Captain Carl is visiting his parents for a few days and he's been spending lots of quality time with his dad, Ward. Yesterday they sat out in the yard watching the squirrels. Yep, you heard me. Squirrels.
Today they went fishing and let me tell you....the Captain earned his name. He called me tonight and told me to check my email because I was about to see something amazing.
This is the Captain's catfish.
It was so big (that's what she said), it wouldn't fit into the basket. When I opened this picture, I thought it was a baby seal at first and I was all "Why are you killing baby seals?" and Captain Carl was all "Huh?" and I was all "Wait, how do baby seals live in ponds in the middle of Texas? Is that even possible?" and he was all "That's a catfish" and I was all "Ohmygod, maybe it's a cross-hybrid baby seal-fish!" and he was all "I hate when you do this" and I was all "I'm totally sending your baby seal-fish picture to Unsolved Mysteries" and he was all "We're eating the baby seal-fish tonight" and I was all "Poor Fred" and he was all "Who the hell is Fred?" and I was all "Fred is the baby seal-fish you so mercilessly slaughtered. I named him so that you wouldn't forget what you have done on this day" and he was all "Okay, gotta go...Fred's gettin' fried up even as we speak."
That is one huge mutha lovin' baby seal-fish.

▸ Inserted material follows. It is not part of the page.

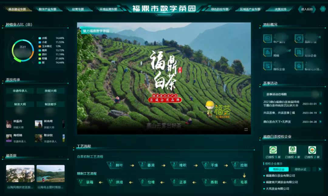 在福鼎,托普云農打造的數字茶園,基于福鼎茶葉全產業及企業生產、加工、銷售等環節的大數據平臺,實現人、地、物精細化管理,提供了茶葉生產預警、產銷分析、產量分析、品質分析、產業發展等服務,為福鼎茶葉生產經營管理提供科學的輔助決策。

Look at all those fillets.
I am so turned on right now.
Just kidding. Kind of.
And now I'm off to bed to fantasize about my big studly fisherman and also about how close we are getting to the renters moving out. Twenty days and counting, bitches! I don't know if I can make it that long without judo chopping one of them in the trachea. If I never see another Totino's pizza again in my life, I could die a happy woman.
RIP Fred.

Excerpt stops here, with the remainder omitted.